= Glenn J. Ames =

American academic

Glenn Joseph Ames (born February 3, 1955, in Attleboro, Massachusetts) was an American academic. Ames earned a Bachelor of Arts degree from the University of Rhode Island (1977), and Master of Arts (1982) and Doctor of Philosophy (1987) degrees from the University of Minnesota. In 1988, Ames joined the University of Toledo History Department and taught courses for twenty years on an array of topics including the French Revolution, European expansion to the Indian Ocean basin, and the age of absolutism. Ames joined the UT faculty as an assistant professor of history, was named associate professor in 1993, and a professor of history in 1998.

Ames had a vast publication record of six books and over thirty academic articles. Among his book publications include: En Nome de Deus: The Journal of the First Voyage of Vasco da Gama to India, 1497-1499 (2009), Renascent Empire: The House of Braganza and the Quest for Stability in Portuguese Monsoon Asia, c. 1640-1683 (2000), and Colbert, Mercantilism and the French Quest for Asian Trade (1996).

Ames spent more than five academic years undertaking archival research in France, England, the Netherlands, Portugal, and India. Ames received many awards including a Fulbright Grant (1984), fellowships from the American Institute of Indian Studies (1985), the Portuguese Ministry of Education (1986), and the Calouste Gulbenkian Foundation of Lisbon (2002). Ames was a Leverhulme Trust Post Doctoral Fellow at the University of Bristol (1988) and in 2002 was a Union Pacific Visiting Professor at the Center for Early Modern Europe at the University of Minnesota. In 2004, Ames received the Outstanding Faculty Research Award at the University of Toledo.

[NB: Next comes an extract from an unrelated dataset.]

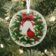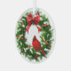 Weihnachtsglasverzierungen werden hier mit festlichem Kranz und Kardinal gezeigt. Passen Sie dieses Objekt an oder kaufen Sie, wie es ist.
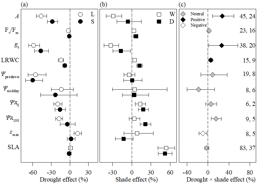 该研究团队通过整合分析了全球58个水分和光照同步控制试验,剖析树木幼苗生物量生产和分配以及叶性状对干旱和庇荫的响应和适应机制。研究结果显示,庇荫通过缓解气孔限制和光抑制,减缓了干旱对树木光合作用的不利影响,从而促进其生物量生产,支持了“促进作用”假说;而光照不足限制幼苗的渗透调节能力,支持了“权衡作用”假说;但是,干旱和庇荫分别独立地影响生物量分配和比叶面积,两者之间不存在交互效应,支持了“独立影响”假说。这些结果表明“权衡作用”、“促进作用”和“独立影响”假说并非相互排斥的,而是取决于植物的不同性状。这些树木幼苗对干旱和庇荫的驯化和适应机制,在模拟预测全球气候变化下树木的更新、生长和分布以及森林碳汇变化等方面具有重要意义。

At the University of Toledo, Ames served on the Faculty Senate Student Affairs Committee (1992–1996), the Provost's Advisory Committee on Distance Learning (2001–2010), the Faculty Senate (2002, 2007–2010), the Department Liaison for the Writing across the Curriculum Program (1989–2010), and the Arts & Science Council (1990–93, 2006–2010).

Ames was actively involved in professional organizations, such as the Society for Spanish and Portuguese Historical Studies, the Western Society for French History, and the French Colonial Historical Society. Ames worked on the "Slave Route Project," part of The African Diaspora in Asia (TADIA) associate project to UNESCO (2005–2010). In addition, Ames was editor of H-Portugal on the H-Net Web Network as well as General Editor of the European Expansion and Indigenous Response Series with Brill Academic Publishers.

As a professor of history at the University of Toledo, Ames was lauded by students for his multi-disciplinary methodology, engaging lecture style, and radiant sense of humor. Glenn Ames died of cancer on October 14, 2010, at the age of 55.